# What is this in my Viv



## Vagabond324 (Jan 13, 2011)

I found this crawling in my Citronell's Viv tonight, no idea what the heck it is. It can ball up, stretch out, lift it's head high and leaves a trail. Does not look like any slug I have ever seen before, any one have an idea what it is? About 3/8"-1/2" long


----------



## Mitch (Jun 18, 2010)

Creepy... looks like a leech?! I doubt it is though...


----------



## jckee1 (Mar 22, 2011)

It could be a leech. Maybe came in on a plant you purchased?


----------



## Vagabond324 (Jan 13, 2011)

I was thinking a leech as I remember them well from 1968 but that was another part of the world and they were much bigger, Can you say Ugg!.


----------



## Ed (Sep 19, 2004)

Nemertean. Nemertea - Wikipedia, the free encyclopedia

Nemerteans


Search nemertean using the search function there has been a lot of discussion on them. If they are established in the enclosure, then you are going to have issues with microfauna populations and they even predate on fruit flies.


----------



## Pumilo (Sep 4, 2010)

Ed said:


> Nemertean. Nemertea - Wikipedia, the free encyclopedia
> 
> Nemerteans
> 
> ...


Uh-Oh! Time to break out the CO2 bomb!


----------



## marylanddartfrog (Jun 6, 2011)

Its a leech


----------



## stemcellular (Jun 26, 2008)

Ed said:


> Nemertean. Nemertea - Wikipedia, the free encyclopedia
> 
> Nemerteans
> 
> ...


Isopods will take care of them.


----------



## JimO (May 14, 2010)

Do the frogs eat them?


----------



## Ed (Sep 19, 2004)

stemcellular said:


> Isopods will take care of them.


I was under the impression that only one of the really large isopods helped with control and didn't eliminate them. (see Alan Cann's link in my post above). The smaller isopods don't seem to do anything except get eaten by the nemerteans. 

Ed


----------



## Ed (Sep 19, 2004)

JimO said:


> Do the frogs eat them?


No, and a number of the nemerteans are known to produce tetrodotoxins in conjunction with symbiotic bacteria.


----------



## Azurel (Aug 5, 2010)

How about Oranges? I swear I have seen them go on the attack and eat fruit flies.....I didn't get a video though....So I have no proof. I found something like this the other day it was buried in the substrate and I only could find one....Which I am pretty sure there is more if I found one.

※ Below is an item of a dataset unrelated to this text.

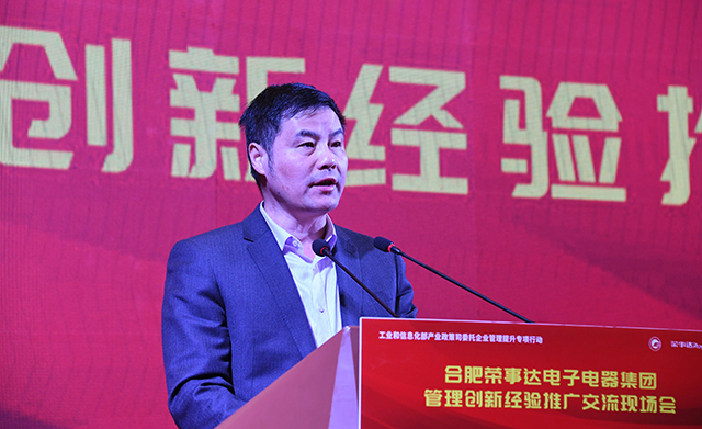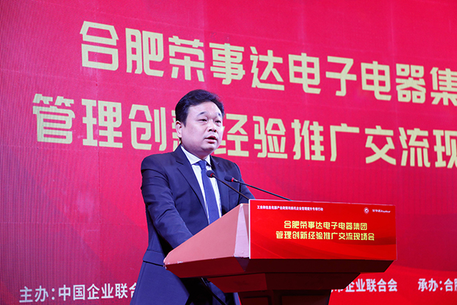 隨后,合肥市政府副秘書(shū)長(cháng)劉永龍致辭,他說(shuō):合肥堅持工業(yè)立市、制造強市戰略,正在奮力打造具有國際影響力的創(chuàng )新之都,以榮事達電子電器集團為代表的傳統產(chǎn)業(yè)持續領(lǐng)跑經(jīng)濟發(fā)展。管理創(chuàng )新是實(shí)現經(jīng)濟高質(zhì)量發(fā)展的保證,榮事達作為我市優(yōu)秀代表,始終堅持管理創(chuàng )新與機制創(chuàng )新,取得了豐碩成果,此次中國企業(yè)聯(lián)合會(huì )在合肥召開(kāi)榮事達管理創(chuàng )新經(jīng)驗推廣交流現場(chǎng)會(huì ),既是對我們的高度肯定,也為大家提供了學(xué)習機會(huì )。長(cháng)三角一體化讓合肥發(fā)展站在了新起點(diǎn),真誠地歡迎大家在這片創(chuàng )新創(chuàng )業(yè)的熱土上大有作為,為合肥發(fā)展注入新動(dòng)能。
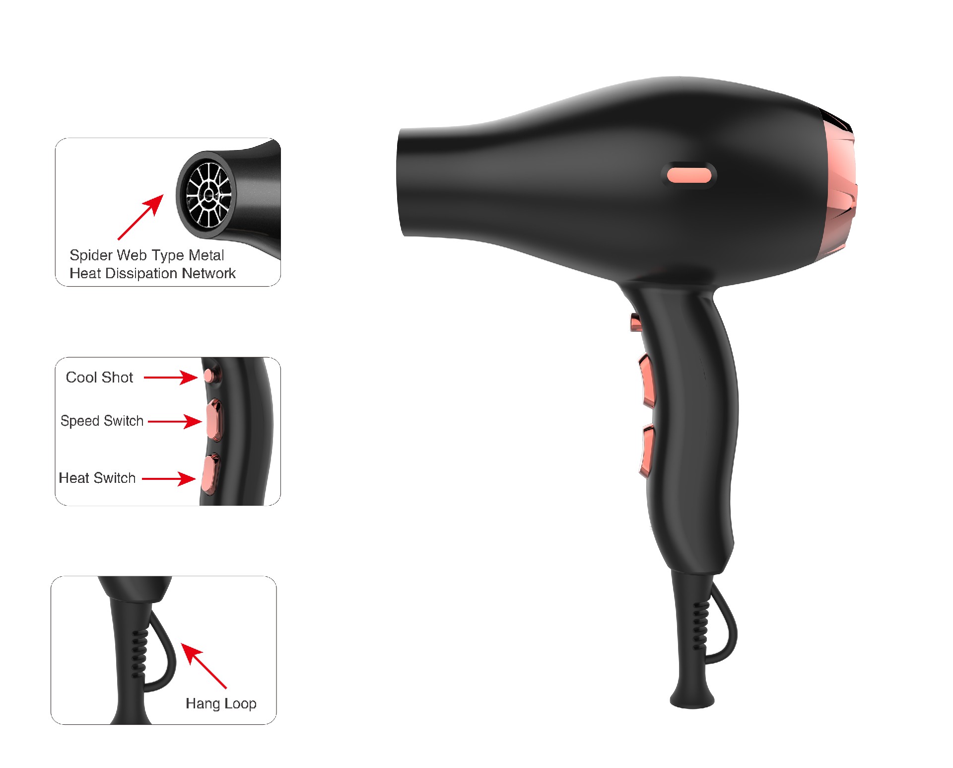 檔位設(shè)置:2 檔風(fēng)速/3 檔溫度,一鍵冷風(fēng)

> I was under the impression that only one of the really large isopods helped with control and didn't eliminate them. (see Alan Cann link in my post above). The smaller isopods don't seem to do anything except get eaten by the nemerteans.
> 
> Ed


----------



## stemcellular (Jun 26, 2008)

All I can say is that in tanks that once had a few nemerteans the introduction of isopods led to the disaapearence of them and a surge in the number of isopods. May have been other factors as well.


----------



## Mitch (Jun 18, 2010)

The nemerteans in my tank look very different from that one. Mine are pink and about 1 inch.


----------



## hypostatic (Apr 25, 2011)

That looks an awful lot like a leech. Stretch it out and see if you can see repeating ridges. If it does then I think its good evidence that it might be a leech.

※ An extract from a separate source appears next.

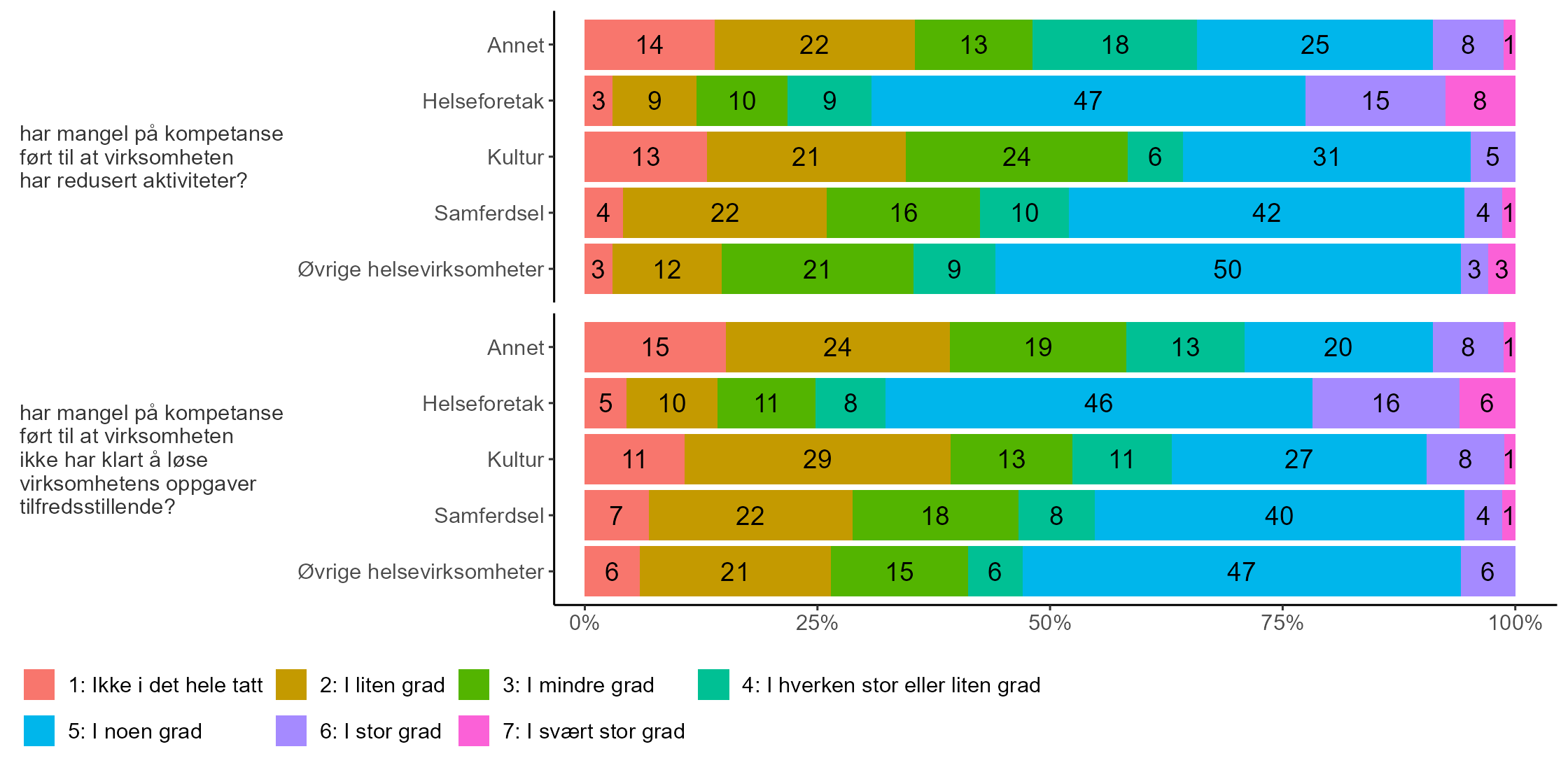 Vi ser videre at 23 prosent av topplederne i helseforetakene oppgir at mangel på kompetanse i stor eller svært stor grad har ført til at virksomheten har redusert aktivitetene. Tilsvarende andel blant toppledere i øvrige helsevirksomheter er seks prosent, mens den er fem prosent blant topplederne både innen samferdsel og innen kultursektoren og ni prosent i “annet”. I kategorien “annet” (36 prosent) og i kultursektoren (34 prosent) rapporteres det at mangel på kompetanse ikke i det hele tatt eller i liten grad har ført til redusert aktivitet.

In other posts the nemertarians always looked white, though I suppose there's no reason why different species can't have different coloration...


----------



## Ed (Sep 19, 2004)

hypostatic said:


> That looks an awful lot like a leech. Stretch it out and see if you can see repeating ridges. If it does then I think its good evidence that it might be a leech.
> 
> In other posts the nemertarians always looked white, though I suppose there's no reason why different species can't have different coloration...

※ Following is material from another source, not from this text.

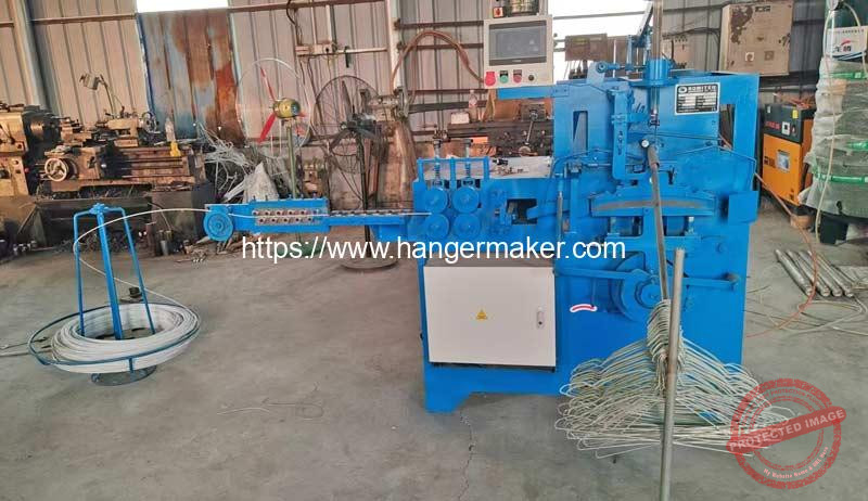 Automatic Plastic Coated Wire Clothes Hanger Making Machine 2024 is used to make plastic-coated wire clothes hangers. it adopt plc control and servo motor steel wire feeding, which makes the steel wire feeding is accurate and fast. It updated structure on old type clothes hanger machine, which read faster speed which 45pcs per min and easy to adjust and maintain.
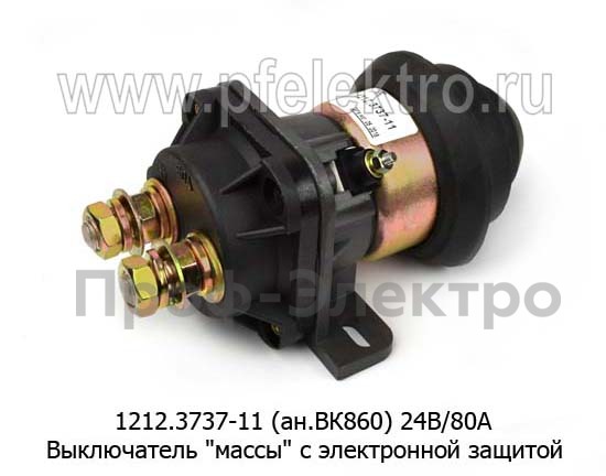1212.3737-11 (ан.ВК860) 24В/80А Выключатель "массы" дистанц. 2-х конт., с электр. защитой, управление "+", маз-5440, 544069, 643068 (Автотехнологии)

It's not a leech or a terrestrial flatworm. It is a nemertean, they do move in that manner and they do come in different colors. 

Ed


----------



## Ed (Sep 19, 2004)

stemcellular said:


> All I can say is that in tanks that once had a few nemerteans the introduction of isopods led to the disaapearence of them and a surge in the number of isopods. May have been other factors as well.


What kind(s) of isopods did you add? I know other people that tried the various dwarf and the isopods disappeared and the nemertean population kept increasing. Prey is speared, paralyzed with toxins and digestive enzymes and then fed on.. 


Ed


----------



## Ed (Sep 19, 2004)

Azurel said:


> How about Oranges? I swear I have seen them go on the attack and eat fruit flies.....I didn't get a video though....So I have no proof. I found something like this the other day it was buried in the substrate and I only could find one....Which I am pretty sure there is more if I found one.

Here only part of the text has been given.